21年3月末までにパート・アルバイトなどからの登用も含め、契約社員の店長を1800人に増やすほか、残りの200人も地域正社員とする。いずれも原則転勤はないため、主婦や地元で働きたい若者らが社員として働きやすい。ゼンショーでは14年に過重労働問題が表面化したため、15年から1店ごとに店長を置く体制を目指して、契約社員などの採用を増やしてきた。

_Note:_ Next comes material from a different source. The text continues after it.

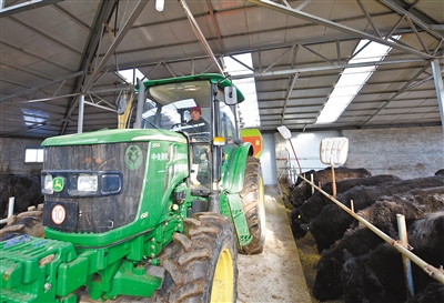 时值一年一度的休牧期,锡林郭勒盟东乌珠穆沁旗呼热图淖尔苏木金牧畜牧业专业合作社成员们正在牛棚里忙着为牛群喂饲草料。

パートやアルバイトから契約社員や地域正社員に転換すれば、売り上げ目標や従業員管理などの責任は増えるが、賞与や各種手当も支給されるようになり待遇も改善される。月100時間勤務(時給900円)の場合、契約社員は年収が160万円ほどになり、アルバイトよりも40万円ほど収入が増えるという。地域正社員の場合、1カ月の所定労働時間である165時間の勤務で年収は350万~450万円程度になる。


一方、新卒などで採用している転勤を伴う「ナショナル社員」は入社直後の一定期間を除き、原則として国内店舗の店長には配置しない。出店数を増やしているアジアなどの海外事業へ重点的に配置する。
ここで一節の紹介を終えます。